# 46 gallon Cichlid stocking?



## RunningBeaver (Mar 30, 2018)

I have a 46 gallon light-moderately planted tank that I'm trying to figure out how I want to stock. It is fully cycled 0 ammonia, zero nitrites, 40-80 nitrates (will drop before I add fish), ph 7.6. I'm contemplating on going with a variety of dwarf Cichlids. I do have another tank but I don't know a lot about cichlids. I was wondering about possible combinations and advice.


----------



## Cyphro (Mar 23, 2018)

You might consider a few mangainos and rusties. One is blue, the other purplish. Both have interesting personalities.


----------



## DJRansome (Oct 29, 2005)

What are the dimensions of the tank? Some find maingano are better in a tank that is 48" x 18' or larger, they can be aggressive in a 48" x 12" tank.


----------



## RunningBeaver (Mar 30, 2018)

It's 36" x 16" x 20"


----------



## DJRansome (Oct 29, 2005)

The rusties would be a good choice, but they will eat your plants. A 36" tank does not give you much room for a variety. Look up Iodotropheus sprengerae in the Profiles.
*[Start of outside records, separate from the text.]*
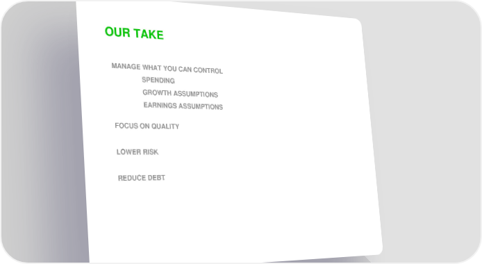 OUR TAKE MANAGE WHAT YOU CAN CONTROL SPENDING GROWTH ASSUMPTIONS EARNINGS ASSUMPTIONS FOCUS ON QUALITY LOWER RISK REDUCE DEBT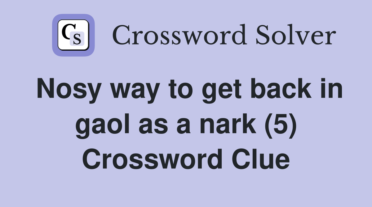 Nosy way to get back in gaol as a nark (5) Crossword Clue Answers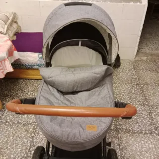 Cochecito de bebé en color gris, con detalles en polipiel. - Capota amplia. - Barra delantera. - Ruedas resistentes. El carricoche grande tiene las ruedas desinfladas pero se pueden hinchar.todo lo demás en buen estado y condiciones.

What is the pH of your tap water? Maybe some New World cichlids?


----------



## RunningBeaver (Mar 30, 2018)

7.6 and thanks for the help


----------



## BC in SK (Aug 11, 2012)

RunningBeaver said:


> I'm contemplating on going with a variety of dwarf Cichlids.


Kribensis (_Pelvicachromis pulcher_) would be a good choice. Just about any of the Pelvicachromis species would be suitable for this size of tank, though some may not do as well in harder water and higher pH.
Butterfly cichlid (_Anomalochromis thomasi_) is sometimes available and could also be a good choice. 
Other possibilities might include Nanochromis, Paranochromis, or Teleogramma species, if you can find them. Again, some of these may require softer water and lower pH.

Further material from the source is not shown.